WHAT SONG IS YOUR POETRY: PART 2
I asked six poets a question: if you wrote the poem that most completely satisfied your ambition and ideas about poetry as art, what song would it be?
“A New Career in a New Town” — David Bowie
Just the (unspoken) title alone is something to strive for. It contains an entire narrative that isn’t even there. I like it that way. I want to be more mysterious. More full of faith that this time I won’t fuck it up. Or at least confident that, when I fuck up this time, I’ll fuck up better than ever before. It’s what I’m striving for: a piece of something that acknowledges the past but plays inside the present while kissing the future full on the mouth. It’s a song that points us towards something better than where we are while reminding us of what we were. Fragmented, yet full. Backward looking, but ready to go, and always only to return.
“Street Fighting Man” — The Rolling Stones
Something about the opening chords, that duh-dun, and when the war drums come in, it makes me want to kick over trash cans and spit on children.
Whether or not that comes across in my poems is another story…but I’d like to think that there are ideas about masculinity, obviously, and also the expectancies of masculinity—like what is a poor boy to do—ideas that I keep in mind when I write. It’s a visceral song too but doesn’t sacrifice fun, real shit-kicking fun, by being aggressive.
I’m not so interested in the political implications of the song, at least not in any specifics terms, but if we’re talking about politics in a general sense (i.e. “said my name is called disturbance”) then, yes, this is something I will often work towards.
Really, I want my poems to be mean, to wear their meanness rolled in the sleeve of their white tees, just as quick to push you in the dirt as they are to buy you a beer. I wish my poems carried switchblades.
“Bewildered” — James Brown
First a beat, then “bewildered”, then “lost”, “in a dream.” Powerfully basic, raw speech, delivered casually, slowly, delightfully, mournfully.

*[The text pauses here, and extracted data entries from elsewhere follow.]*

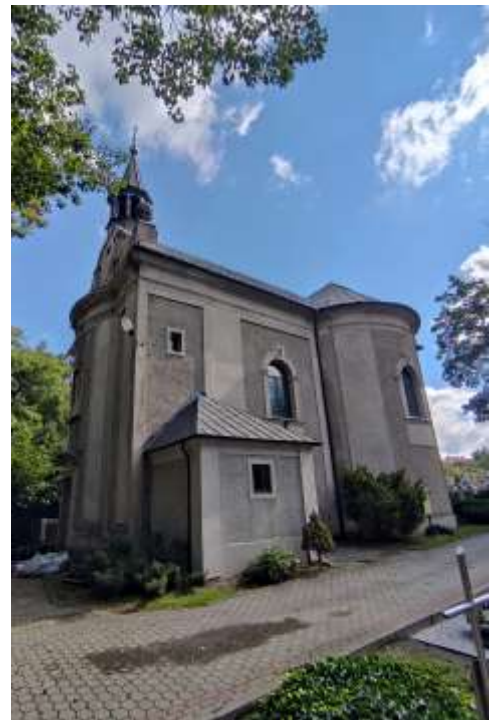
Zdjęcia nr 24, 25. Kościół pw. świętej Barbary w Toszku, źródło: archiwum własne, Jakub Danielski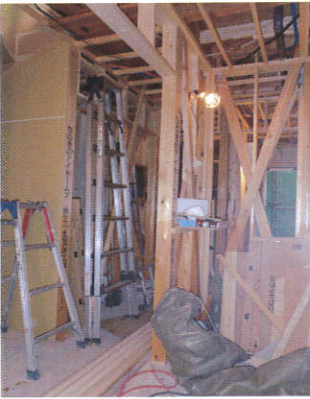
柱・土台は全て4寸の「ひのき」 孫の代まで安心です！

FAXの方は、①住所 ②電話番号 ③参加人数を明記の上、3613-6149まで。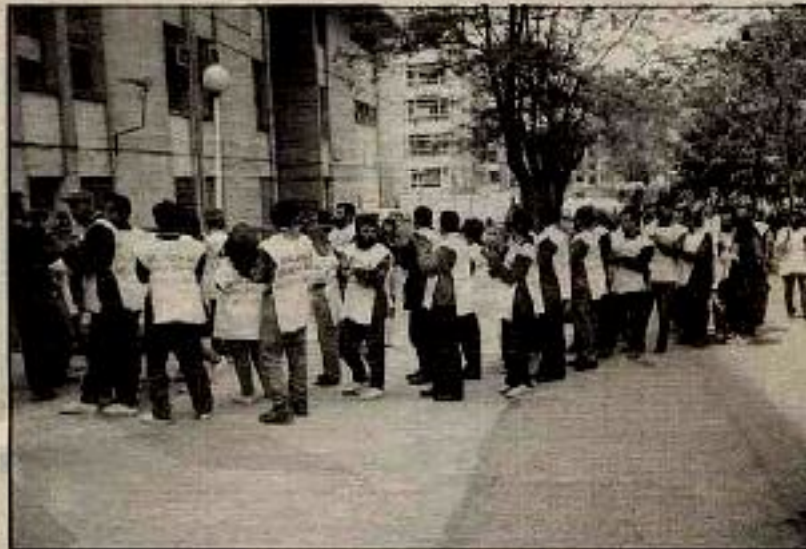
Kağıthane işçilerinin direnişi çeşitli biçimlerde sürüyor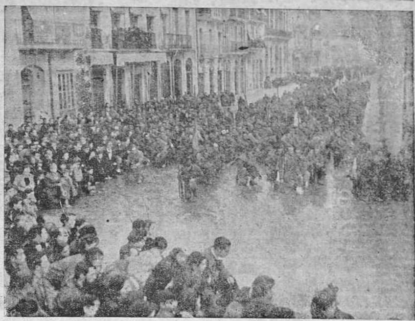
Uno de los primeros cuidados de las tropas del Generalísimo Franco, apenas conquistada la ciudad de Tarragona, ha sido el de restablecer el culto católico, que había desaparecido completamente desde el mes de julio de 1936, por no haber ni un solo templo en condiciones de celebrar los cultos, ya que todos habían sido o incendiados o saqueados. En la Rambla Nueva, y al pie del monumento a Roger de Lauria, se celebró una solemne Misa de campaña, a la que asistieron las fuerzas conquistadoras de la ciudad, y una enorme muchedumbre de la población civil. Aspecto de la Rambla Nueva en el momento de la Misa, con las fuerzas rindiendo honores.

Entramos dramas no son únicos. No son tampoco el fin de una serie. Preparémoslos a ver casos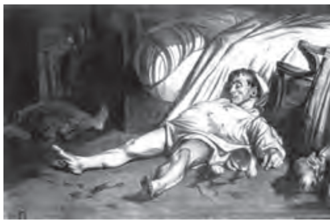
تصویر ۱۳- خیابان ترانسنون، اثر اونوره دومیه، ۱۸۳۴، گراور، ۴۵×۳۰ سانتی متر، موزه هنری فیلادلفیا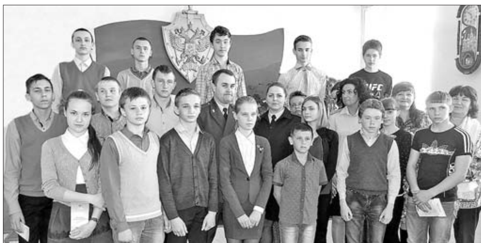
ШКОЛЬНИКИ СЕЛА ТАЛИЦА СТАЛИ УЧАСТНИКАМИ ДНЯ ОТКРЫТЫХ ДВЕРЕЙ В ОМВД РОССИИ ПО ЕЛЕЦКОМУ РАЙОНУ.

Подростки отметили, что данное мероприятие заставило их иначе взглянуть на вопрос о соблюдении прав и обязанностей несовершеннолетними. (Соб. инф.)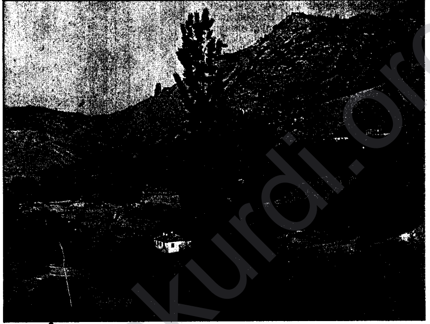
FAŞİST TÜRK ORDUSU KÜRDİSTAN DAĞLARINDA TUTUNAMAZ !

"Türk ordusu kürtleri yok etmek istiyor", "giden askeri güçler, peşmergeleri yok ederse sıra bize gelir", "kürt olan askerleri savaşa göndermiyorlar, çünkü onların savaşmayacağını biliyorlar" v.s. Bütün bunlar köyde, kasabada, tarlada, şehirlerde, işyerlerinde konuşulan şeylerdi ve bütün bunlar bir propaganda biçimini almıştı. Şunu belirtmeden ge-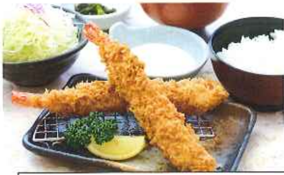
ジャンボ海老フライ膳 1,580円(10%税込)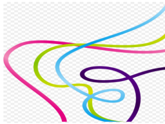
Trayectoria en todas direcciones.

Trayectoria en todas direcciones: hermanito porque es muy curioso.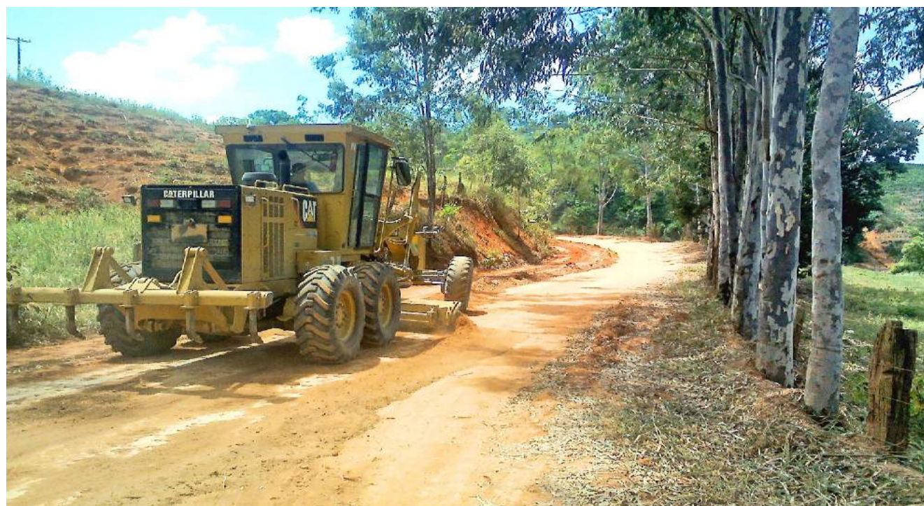
Grande parte das estradas do município encontram-se patroladas

O secretário municipal de Obras enfatizou que todas as estradas do município estavam intransitáveis, o que vinha causando grandes transtornos principalmente à população interiorana, afetando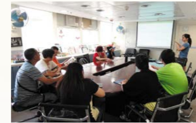
了解陽光路上在職培訓計劃。

There are moments during which you can feel that he’s still asking himself the questions that fueled the song, and it sounds like the audience has disappeared. His enthusiasm starts to feel a bit haunted, but then there’s one scream, and the others return. This is a relief, but you’re glad they left you alone with him for a bit.
Turns in the lyrics melt into the phrasing seamlessly enough to do a little spinning in you without slowing you down: “I’ll never understand / how you can love me / and leave me / bewildered.” There is ecstasy, humor, pain, and revelation in his voice, and the control-to-recklessness ratio is inspiring. I can hear it all, the whole person; I hear a life.
I hope to feel thrilled by poems, maybe even a little scared (of what humans are capable of), and then seen. I’d like to believe I could write a poem that does everything this song and its performance do, but it would be quite a feat for a poem to live at this volume. I’ve been reading Alice Notley’s In The Pines, and this line comes to mind: “It’s almost a story or a poem but it’s really a song because it’s ripping me apart.”